Подбородок Жоффруа де Ранкона потянулся вверх:

— И все же — не смеете.

— Гореть вам в аду, де Ранкон! — выдохнул Людовик. — Вам и вашим людям!

— Южане предали нас! — шагнул вперед один из шампанских рыцарей, потерявший в этой бойне почти всех своих товарищей. — Вы способны только болтать и бренчать на своих виолах! Вы больше ни на что не годитесь!

«Южане предали нас! — разносилось за спиной короля. — Гореть им в аду!»

Несколько аквитанцев уже тянули мечи из своих ножен, Лузиньян и Сельдебрейль первыми. Другие переглядывались. Схватка была близка. Неожиданно вперед выступил бородатый Эврар де Бар с алым крестом на белом плаще, тоже ставшим алым, но от крови. Сенешаль ордена только что подоспел с отрядом своих тамплиеров узнать, жив ли король, и услышал последние брошенные с обидой и гневом слова.

— Стойте! — воскликнул великий сенешаль ордена. — Нет разницы, кто южанин, кто северянин. — Он положил руку на плечу королю. — Виновник беды только один человек — тот, кто нарушил приказ короля: держаться всем вместе; кто отвел авангард на недопустимое расстояние. Это граф Жоффруа де Ранкон. Но дело короля, как поступить с преступником. Нельзя обвинять всех!

— Вздернуть его! — завопили французы, охранявшие караван.

Жоффруа де Ранкон все еще стоял, преклонив колено. Он понимал: имя его запятнано навеки и готов был принять любой суд. Может быть, мгновенная смерть была бы лучшим исходом в сложившейся ситуации.
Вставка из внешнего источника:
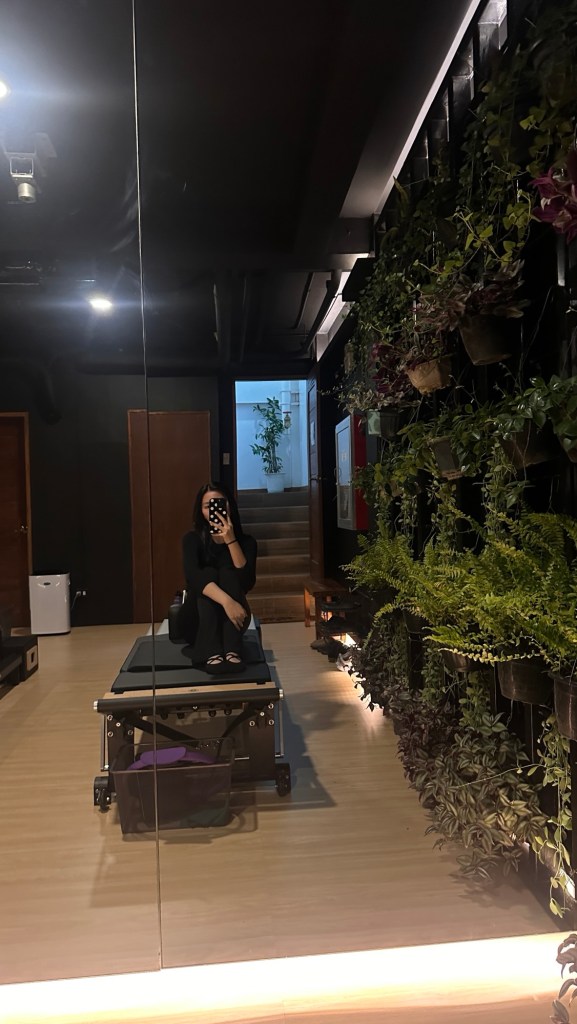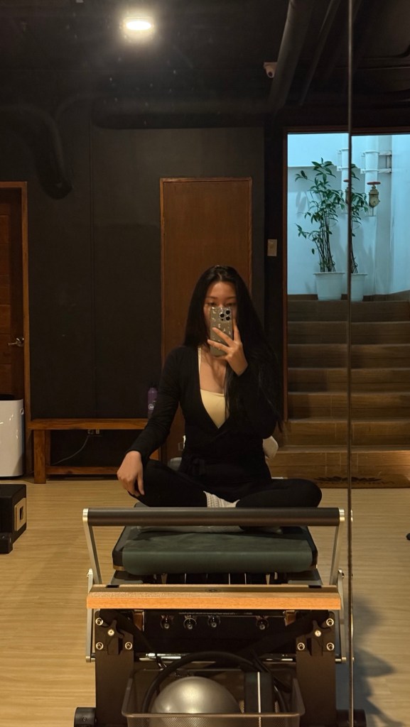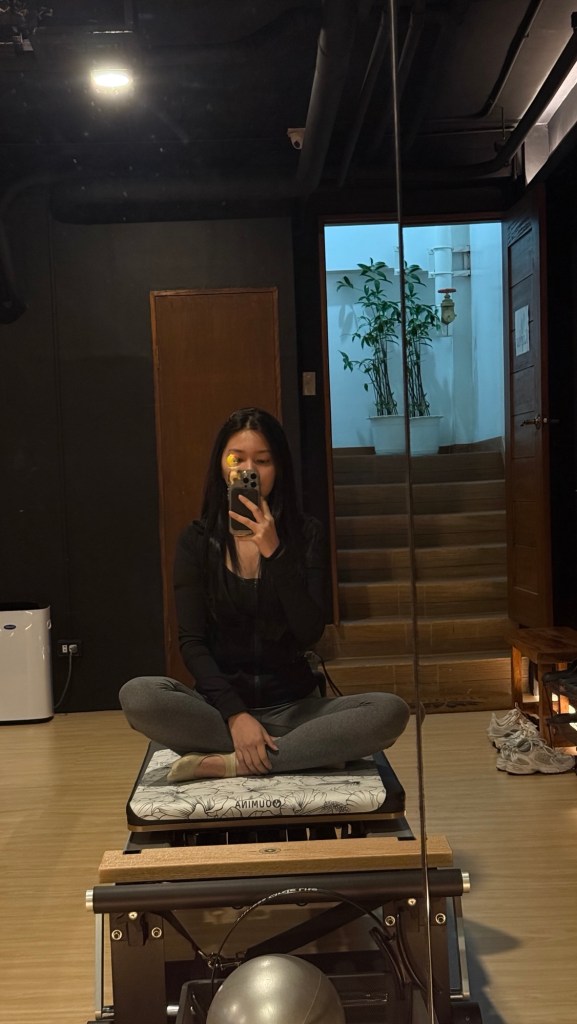 i’m not a “gym” person, mostly due to memories of me puking my guts out and fainting at the gym circa covid era. running is also a hard pass for no reason (it’s just not my thing). pilates is the only workout that i actually enjoy + the occasional yoga to silence my inner demons.

Но его земляки, которых уже незаслуженно оскорбили, вытащив мечи, выступили вперед. Аквитанцы готовы были драться за своего предводителя.

— Мы не отдадим его! — выкрикивали они. — Не посмеете!

Французы тоже вытащили мечи — с южанами их разделял только король, все еще державший в правой руке меч в кровавых подтеках, и великий сенешаль тамплиеров.

— Что вы, как псы?! — оглядывая обе стороны, с напором заговорил Эврар де Бар. — Турки — рядом! Если вы сейчас наброситесь друг на друга, вся им будет забота — добить нас! Ваше величество, — обратился он к королю. — Рассудите, но без гнева в сердце, заклинаю вас Господом Богом нашим Иисусом Христом! — Уже немолодой тамплиер тоже встал на одно колено. — Без гнева в сердце, — повторил он как заклинание.

Людовик кивнул:

— Благородный сенешаль, сир де Бар, и вы, де Ранкон, поднимитесь…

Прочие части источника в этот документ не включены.